──────── AVAILABLE DATA ────────

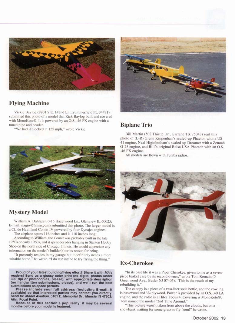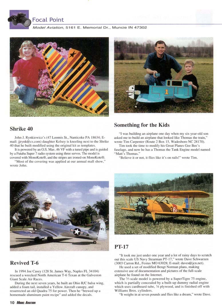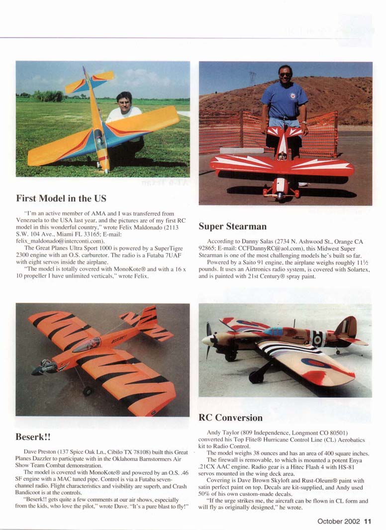Shrike 40 John J. Rynkiewicz's (47 Loomis St., Nanticoke PA 18634; E-mail: jjrynk@cs.com) daughter Kelsey is kneeling next to the Shrike 40 that he built modified using the original kit as templates. It is powered by an O.S. Max .46 VF with a tuned pipe and is guided by a Futaba Super 7 radio system using three servos. The model is covered with MonoKole®, and the stripes are ironed-on MonoKote®. "Most of the covering was applied at our annual mall show," wrote John. Something for the Kids "I was building an airplane one day when my six-year-old son asked me to build an airplane that looked like Thomas the train," wrote Tim Carpenter (Route 2 Box 15, Wadesboro NC 28170). Tim took the time to modify his Great Planes Gee Bee's fuselage, and now he has a Thomas the Tank Engine model named "Matt's Thomas." "Believe it or not, it flies like it's on rails!" wrote Tim. Revived T-6 In 1994 Joe Casey (128 St. James Way, Naples FL 34104) rescued a wrecked North American T-6 Texan at the Galveston Giant Scale Air Races. During the next seven years, he built an Ohio R/C balsa wing, added a foam tail, installed a Yellow Aircraft canopy, and resurrected an old Quadra 75 for power. Then he "brewed up a homemade aluminum paint recipe" and added the decals. "It took me just under one year and a lot of rainy days to scratch out this scale US Navy Stearman PT-17," wrote Dave Schwarzen (3003 Carron Rd., Festus MO 63028; E-mail; daves@jcn.nel). He used a set of modified Bengt Norman plans, making extensive use of documenlalion and piclures of the full-scale airplane he found on Ihe Inlernel. The '/7-scale model is powered by a SuperTigre 75 engine, which is partially concealed by a buill-up dummy radial engine which uses cardboard lube, Vu plywood, and is finished off wilh Williams Bros, cylinders. "It weighs in al seven pounds and flies like a dream," wrole Dave. First Model in the US "I'm an active member ot AMA and I was transferred from Venezuela to the USA last year, and the pictures are of my first RC model in this wonderful country." wrote Felix Maldonado (2113 S.W. 104 Ave., Miami FL 33165: E-mail: felix_maldonado@interconti.com). The Great Planes Ultra Sport 1000 is powered by a SuperTigre 2300 engine with an O.S. carburetor. The radio is a Futaba 7UAF with eight servos inside the airplane. "The model is totally covered with MonoKote® and with a 16 x 10 propeller I have unlimited verticals," wrote Felix. Super Stearman According to Danny Salas (2734 N. Ashwood St., Orange CA 92865: E-mail: CCFDannyRC@aol.com). this Midwest Super Stearman is one of the most challenging models he's built so far. Powered by a Saito 91 engine, the airplane weighs roughly 11 Vi pounds. It uses an Airtronics radio system, is covered with Solartex, and is painted with 21st Century® spray paint. Beserk!! Dave Preston (137 Spice Oak Ln.. Cibilo TX 78108) built this Great Planes Dazzler to participate with in the Oklahoma Barnstormers Air Show Team Combat demonstration. The model is covered with MonoKote® and powered by an O.S. .46 SF engine with a MAC tuned pipe. Control is via a Futaba seven-channel radio. Flight characteristics and visibility are superb, and Crash Bandicoot is at the controls. "Beserk!! gets quite a few comments at our air shows, especially from the kids, who love the pilot." wrote Dave. "It's a pure blast to fly!" RC Conversion Andy Taylor (809 Independence. Longmont CO 80501) converted his Top Flite® Hurricane Control Line (CL) Aerobatics kit to Radio Control. The model weighs 38 ounces and has an area of 400 square inches. The firewall is removable, to which is mounted a potent Enya .21CX AAC engine. Radio gear is a Hitec Flash 4 with HS-81 servos mounted in the wing deck area. Covering is Dave Brown Skyloft and Rust-Oleum® paint with satin perfect paint on top. Decals are kit-supplied, and Andy used 50% of his own custom-made decals. "If the urge strikes me, the aircraft can be flown in CL form and will fly as originally designed," he wrote. Spad XIII Bob Armstrong (9721 Appleton Ave., Kansas City MO 64134-2346; E-mail: spadxilll@swbell.nct) built his Spad from W.E. Technical Services plans. The model spans 80 inches and weighs 22 pounds. It is powered by a Zenoah G-38 gasoline engine. Everything on the airplane is handcrafted except the cowl and wheels. The machine guns are made from balsa and PVC (polyvinyl chloride) pipe. "It is patterned after Captain Eddie Rickenbacker's airplane in both color and design as closely as I could make it," wrote Bob. "1 did some heavy research to do this." AT-6 Texan This Top Elite® AT-6 was Kevin M. Knebel's (102 Morgate Cir., Royal Palm Beach FL 33411; E-mail: tmkkmk@aol.com) first kit. He built it with guidance from a couple of good friends, including Pat McCurry of PCM Models. The model is a replica of Rear Admiral Aubrey Fitch's SNJ-2. According to Kevin, this airplane was the admiral's "private puddle jumper." The AT-6 has gear doors, which were not intended by Top Elite®. The engine is an O.S. 120 Surpass. The exhaust is in the cowl with a fake radial, the front boarding step is a switch, and the air scoop houses the charging part. The model features Pratt & Whitney decals. "With some creative retract servo and valve location and radio gear at the front. I balanced perfectly at 12 pounds with no additional weight," wrote Kevin. L-19-Inspired The lines of Jerry Sciortino's (Route 1 Box 343H, Seaford DE 19973) first scratch-built airplane are inspired by the Cessna L-19 he worked on while in the Army. His wife Geri is shown with the model. It spans six feet and is powered by an O.S. .60 engine. Despite its nine-plus pounds. Jerry didn't need the flaps since takeoffs and landings are gentle and stable. "Owing to the colors and theme, it was only fitting that a bald eagle— grounded by a slight attack of lumbago—should be its pilot," he wrote. Hawker Sea Fury Victor Weitzman (10041 N.W. 3rd St., Plantation FL 33324) built this model—owned by Ernie Krat
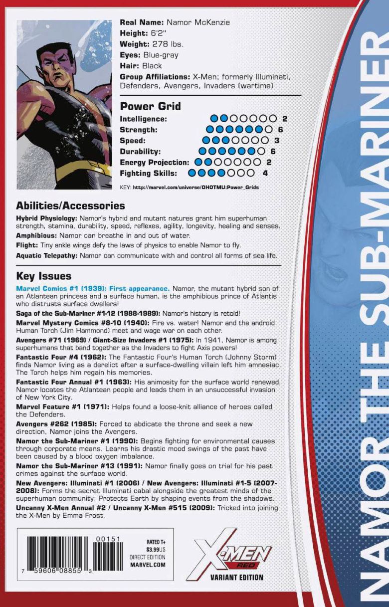 In February 2018, Marvel relaunched (yet again) an X-Men Red series for which several variant covers were available, including the one below. It appears as though it folded out into a fact sheet which I display here for quick reference.
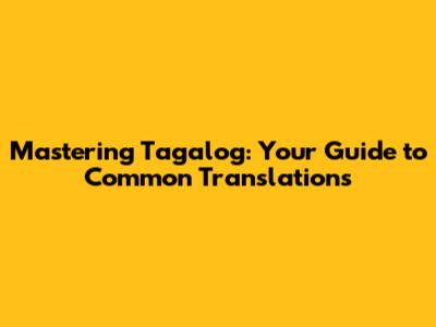 Mastering Tagalog: Your Guide To Common Translations
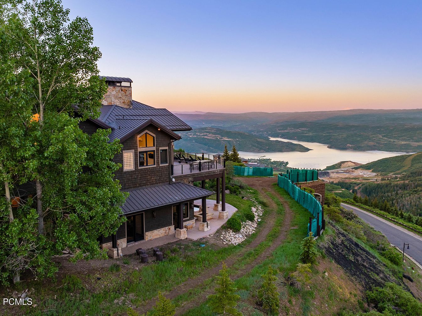 Nestled atop a scenic mountain, this striking home blends rustic charm with modern elegance. The exterior features rich wooden siding accented by stone, creating warmth amidst the natural surroundings. A sleek, dark metal roof enhances the contemporary aesthetic while ensuring durability against the elements. Spacious outdoor decks provide breathtaking views of the lake and valley below, ideal for family gatherings. Thoughtful landscaping with native greenery fosters a sense of harmony with nature. Large windows invite natural light and showcase breathtaking vistas, while the airy design promotes a sense of openness, perfect for enjoying tranquil sunsets together.
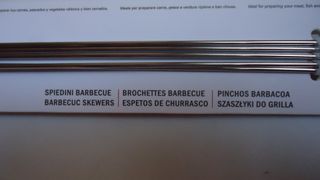 Es un conjunto de pinchos para barbacoa cantidad 5, ideal para preparar carnes, pescados, vegetales, miden 30cm de largo y duraderos, de acero inoxidable lavable tanto a mano como en lavavajillas. Nunca usados siempre guardado. Según fotos.

────────

### WORK TO BE COMPLETED
Please print the records above once more, word for word, omitting all pictures.

### SOLUTION FOR THIS TASK
Shrike 40 John J. Rynkiewicz's (47 Loomis St., Nanticoke PA 18634; E-mail: jjrynk@cs.com) daughter Kelsey is kneeling next to the Shrike 40 that he built modified using the original kit as templates. It is powered by an O.S. Max .46 VF with a tuned pipe and is guided by a Futaba Super 7 radio system using three servos. The model is covered with MonoKole®, and the stripes are ironed-on MonoKote®. "Most of the covering was applied at our annual mall show," wrote John. Something for the Kids "I was building an airplane one day when my six-year-old son asked me to build an airplane that looked like Thomas the train," wrote Tim Carpenter (Route 2 Box 15, Wadesboro NC 28170). Tim took the time to modify his Great Planes Gee Bee's fuselage, and now he has a Thomas the Tank Engine model named "Matt's Thomas." "Believe it or not, it flies like it's on rails!" wrote Tim. Revived T-6 In 1994 Joe Casey (128 St. James Way, Naples FL 34104) rescued a wrecked North American T-6 Texan at the Galveston Giant Scale Air Races. During the next seven years, he built an Ohio R/C balsa wing, added a foam tail, installed a Yellow Aircraft canopy, and resurrected an old Quadra 75 for power. Then he "brewed up a homemade aluminum paint recipe" and added the decals. "It took me just under one year and a lot of rainy days to scratch out this scale US Navy Stearman PT-17," wrote Dave Schwarzen (3003 Carron Rd., Festus MO 63028; E-mail; daves@jcn.nel). He used a set of modified Bengt Norman plans, making extensive use of documenlalion and piclures of the full-scale airplane he found on Ihe Inlernel. The '/7-scale model is powered by a SuperTigre 75 engine, which is partially concealed by a buill-up dummy radial engine which uses cardboard lube, Vu plywood, and is finished off wilh Williams Bros, cylinders. "It weighs in al seven pounds and flies like a dream," wrole Dave. First Model in the US "I'm an active member ot AMA and I was transferred from Venezuela to the USA last year, and the pictures are of my first RC model in this wonderful country." wrote Felix Maldonado (2113 S.W. 104 Ave., Miami FL 33165: E-mail: felix_maldonado@interconti.com). The Great Planes Ultra Sport 1000 is powered by a SuperTigre 2300 engine with an O.S. carburetor. The radio is a Futaba 7UAF with eight servos inside the airplane. "The model is totally covered with MonoKote® and with a 16 x 10 propeller I have unlimited verticals," wrote Felix. Super Stearman According to Danny Salas (2734 N. Ashwood St., Orange CA 92865: E-mail: CCFDannyRC@aol.com). this Midwest Super Stearman is one of the most challenging models he's built so far. Powered by a Saito 91 engine, the airplane weighs roughly 11 Vi pounds. It uses an Airtronics radio system, is covered with Solartex, and is painted with 21st Century® spray paint. Beserk!! Dave Preston (137 Spice Oak Ln.. Cibilo TX 78108) built this Great Planes Dazzler to participate with in the Oklahoma Barnstormers Air Show Team Combat demonstration. The model is covered with MonoKote® and powered by an O.S. .46 SF engine with a MAC tuned pipe. Control is via a Futaba seven-channel radio. Flight characteristics and visibility are superb, and Crash Bandicoot is at the controls. "Beserk!! gets quite a few comments at our air shows, especially from the kids, who love the pilot." wrote Dave. "It's a pure blast to fly!" RC Conversion Andy Taylor (809 Independence. Longmont CO 80501) converted his Top Flite® Hurricane Control Line (CL) Aerobatics kit to Radio Control. The model weighs 38 ounces and has an area of 400 square inches. The firewall is removable, to which is mounted a potent Enya .21CX AAC engine. Radio gear is a Hitec Flash 4 with HS-81 servos mounted in the wing deck area. Covering is Dave Brown Skyloft and Rust-Oleum® paint with satin perfect paint on top. Decals are kit-supplied, and Andy used 50% of his own custom-made decals. "If the urge strikes me, the aircraft can be flown in CL form and will fly as originally designed," he wrote. Spad XIII Bob Armstrong (9721 Appleton Ave., Kansas City MO 64134-2346; E-mail: spadxilll@swbell.nct) built his Spad from W.E. Technical Services plans. The model spans 80 inches and weighs 22 pounds. It is powered by a Zenoah G-38 gasoline engine. Everything on the airplane is handcrafted except the cowl and wheels. The machine guns are made from balsa and PVC (polyvinyl chloride) pipe. "It is patterned after Captain Eddie Rickenbacker's airplane in both color and design as closely as I could make it," wrote Bob. "1 did some heavy research to do this." AT-6 Texan This Top Elite® AT-6 was Kevin M. Knebel's (102 Morgate Cir., Royal Palm Beach FL 33411; E-mail: tmkkmk@aol.com) first kit. He built it with guidance from a couple of good friends, including Pat McCurry of PCM Models. The model is a replica of Rear Admiral Aubrey Fitch's SNJ-2. According to Kevin, this airplane was the admiral's "private puddle jumper." The AT-6 has gear doors, which were not intended by Top Elite®. The engine is an O.S. 120 Surpass. The exhaust is in the cowl with a fake radial, the front boarding step is a switch, and the air scoop houses the charging part. The model features Pratt & Whitney decals. "With some creative retract servo and valve location and radio gear at the front. I balanced perfectly at 12 pounds with no additional weight," wrote Kevin. L-19-Inspired The lines of Jerry Sciortino's (Route 1 Box 343H, Seaford DE 19973) first scratch-built airplane are inspired by the Cessna L-19 he worked on while in the Army. His wife Geri is shown with the model. It spans six feet and is powered by an O.S. .60 engine. Despite its nine-plus pounds. Jerry didn't need the flaps since takeoffs and landings are gentle and stable. "Owing to the colors and theme, it was only fitting that a bald eagle— grounded by a slight attack of lumbago—should be its pilot," he wrote. Hawker Sea Fury Victor Weitzman (10041 N.W. 3rd St., Plantation FL 33324) built this model—owned by Ernie Krat
 In February 2018, Marvel relaunched (yet again) an X-Men Red series for which several variant covers were available, including the one below. It appears as though it folded out into a fact sheet which I display here for quick reference.
 Mastering Tagalog: Your Guide To Common Translations
 Nestled atop a scenic mountain, this striking home blends rustic charm with modern elegance. The exterior features rich wooden siding accented by stone, creating warmth amidst the natural surroundings. A sleek, dark metal roof enhances the contemporary aesthetic while ensuring durability against the elements. Spacious outdoor decks provide breathtaking views of the lake and valley below, ideal for family gatherings. Thoughtful landscaping with native greenery fosters a sense of harmony with nature. Large windows invite natural light and showcase breathtaking vistas, while the airy design promotes a sense of openness, perfect for enjoying tranquil sunsets together.
 Es un conjunto de pinchos para barbacoa cantidad 5, ideal para preparar carnes, pescados, vegetales, miden 30cm de largo y duraderos, de acero inoxidable lavable tanto a mano como en lavavajillas. Nunca usados siempre guardado. Según fotos.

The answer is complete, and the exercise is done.